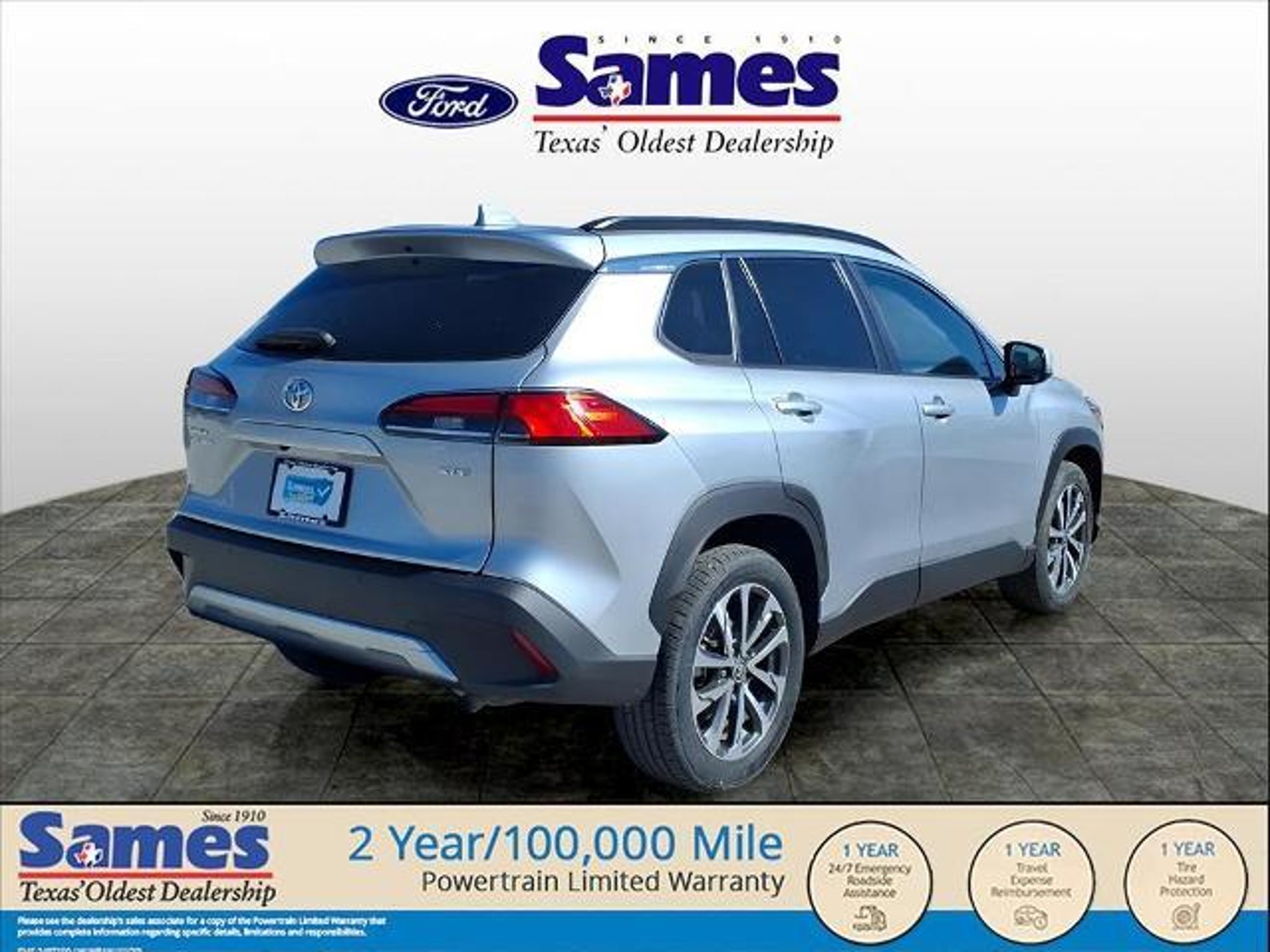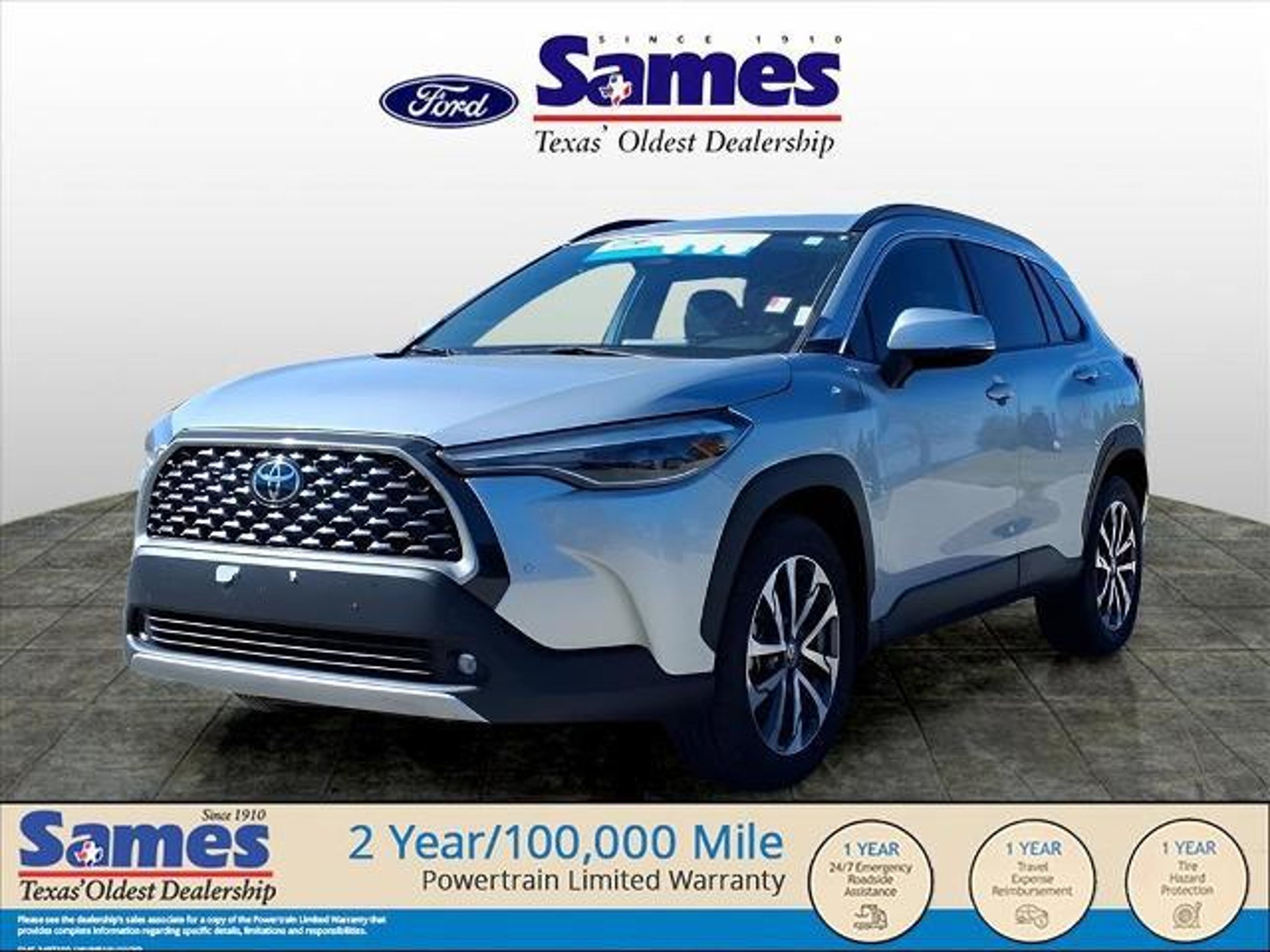 This 2023 Toyota Corolla Cross XLE in Silver Ice comes with the following features: 2.0L I4 PDI DOHC 16V LEV3-SULEV30 169hp CVT FWD 4-Wheel Disc Brakes, 4.014 Axle Ratio, 6 Speakers, ABS brakes, Air Conditioning, Alloy wheels, AM/FM radio: SiriusXM, Auto High-beam Headlights, Auto-dimming Rear-View mirror, Automatic temperature control, Brake assist, Bumpers: body-color, Delay-off headlights, Driver door bin, Driver vanity mirror, Dual front impact airbags, Dual front side impact airbags, Electronic Stability Control, Emergency communication system: Safety Connect (10-year trial), Exterior Parking Camera Rear, Front anti-roll bar, Front Bucket Seats, Front Center Armrest, Front dual zone A/C, Front fog lights, Front reading lights, Front wheel independent suspension, Fully automatic headlights, Heated door mirrors, Heated Front Bucket Seats, Heated front seats, Illuminated entry, Knee airbag, Leather Shift Knob, Leather steering wheel, Low tire pressure warning, Occupant sensing airbag, Outside temperature display, Overhead airbag, Panic alarm, Passenger door bin, Passenger vanity mirror, Power door mirrors, Power driver seat, Power steering, Power windows, Radio data system, Radio: 8 Toyota Multimedia, Rear anti-roll bar, Rear seat center armrest, Rear side impact airbag, Rear window defroster, Rear window wiper, Remote keyless entry, Roof rack: rails only, Softex Synthetic Leather Seat Trim, Speed control, Split folding rear seat, Spoiler, Steering wheel mounted audio controls, Tachometer, Telescoping steering wheel, Tilt steering wheel, Traction control, Trip computer, Turn signal indicator mirrors, Variably intermittent wipers, and Wheels: 18 Alloy w/Black-Painted Machine-Finish. Sames Auto Group stores have been in business for over 115 years, as part of the Oldest Auto Group in Texas we're committed to providing exceptional service before, during, and after your purchase. Our expert team at Sames Ford of Bastrop will ensure you drive away completely satisfied. Schedule your virtual consultation or test drive today. No hassle remote delivery to Houston, Austin and San Antonio and the rest of Texas available upon request.
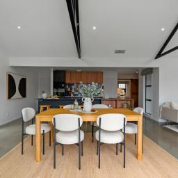 Positioned on a flat, elevated section, the home is flooded with natural light, creating bright, uplifting spaces from morning through to evening. The floor plan has been cleverly arranged with living at one end and bedrooms at the other, offering separation, privacy and easy flow for busy households.
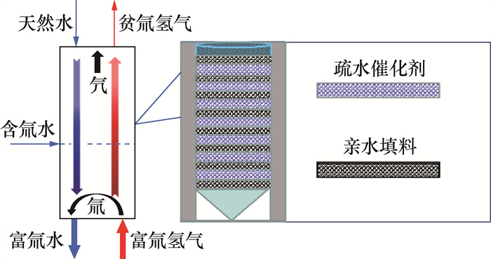 液相催化交换(LPCE)技术的主要作用是利用水-氢同位素催化交换反应(见式(1)),将较重的氢同位素由气相转移至液相。该技术对应设备为LPCE柱,工作原理如图 2所示。由图可知,在LPCE柱适当位置加入含氚水,在柱顶部加入天然水或顶部贫氚氢气的合成水,两者沿柱向下流动,在柱底部通入电解产生的富氚氢气,气相沿柱向上流动,气液两相氢同位素逆流交换,在亲水填料表面发生汽(蒸汽)-液相交换反应(见式(2)),在疏水催化剂表面发生汽-气同位素催化交换反应(见式(3)),实现在LPCE柱底部排出富氚水、顶部排出贫氚氢气的目标。
---
| What is being asked |
Exactly the lines from the one that contains "Positioned on a" to the last line of the data, both included, should be set down, and no pictures should appear among them.

| Result of this task |
 Positioned on a flat, elevated section, the home is flooded with natural light, creating bright, uplifting spaces from morning through to evening. The floor plan has been cleverly arranged with living at one end and bedrooms at the other, offering separation, privacy and easy flow for busy households.
 液相催化交换(LPCE)技术的主要作用是利用水-氢同位素催化交换反应(见式(1)),将较重的氢同位素由气相转移至液相。该技术对应设备为LPCE柱,工作原理如图 2所示。由图可知,在LPCE柱适当位置加入含氚水,在柱顶部加入天然水或顶部贫氚氢气的合成水,两者沿柱向下流动,在柱底部通入电解产生的富氚氢气,气相沿柱向上流动,气液两相氢同位素逆流交换,在亲水填料表面发生汽(蒸汽)-液相交换反应(见式(2)),在疏水催化剂表面发生汽-气同位素催化交换反应(见式(3)),实现在LPCE柱底部排出富氚水、顶部排出贫氚氢气的目标。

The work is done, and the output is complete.